Member of the National Assembly
- In office June 1999 – 2003

Personal details
- Born: 25 March 1957 (age 69)
- Citizenship: South Africa
- Party: United Democratic Movement
- Alma mater: University of Cape Town (PhD)

= Nokuzola Mndende =

South African academic and activist (born 1957)

Nokuzola Mndende (born 25 March 1957) is a South African academic, cultural activist, and politician from the Eastern Cape. Her academic work concerns traditional religious beliefs in Africa and particularly in Xhosa culture. She also represented the United Democratic Movement (UDM) in the National Assembly from 1999 to 2003.

== Academic career ==
Born on 25 March 1957, Mndende completed her PhD in religious studies at the University of Cape Town in 2002. Before she joined Parliament in 1999, she was a lecturer in African traditional religion at the University of Cape Town.
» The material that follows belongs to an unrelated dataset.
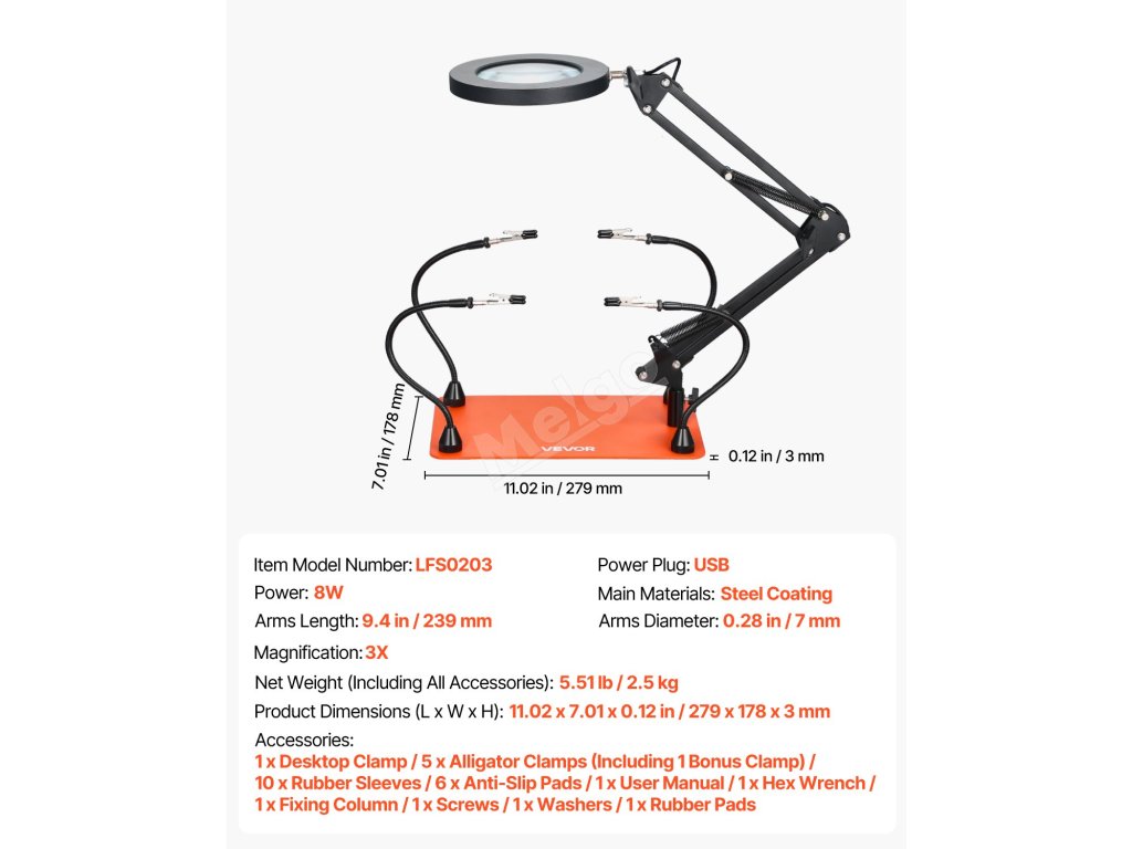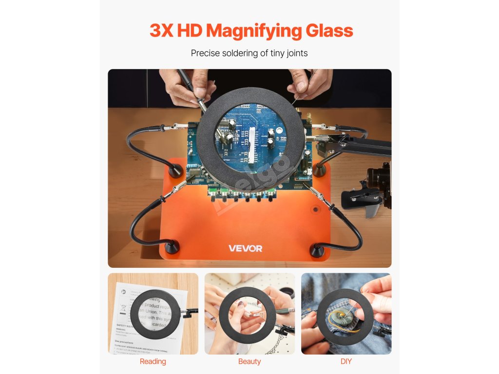 Náš pájecí asistent je vybaven 3x zvětšovací lupou, která poskytuje zvětšení s vysokým rozlišením a minimálním zkreslením a barevnými skvrnami, takže jemné detaily jsou přesnější a jasnější. Ideální pro přesné úkony, jako je pájení, opravy elektroniky a výroba šperků.

She has also lectured on African traditional religion at the University of South Africa and currently is an adjunct professor in sociology and anthropology at Nelson Mandela University.

In 2019, she was appointed as a part-time commissioner at the Commission for the Promotion and Protection of the Rights of Cultural, Religious and Linguistic Communities, and she is founder and director of the Icamagu Heritage Institute, based in Dutywa, Eastern Cape.

== Legislative career ==
In the 1999 general election, Mndende was elected to an ANC seat in the National Assembly. She left Parliament in 2003 and resumed her academic career.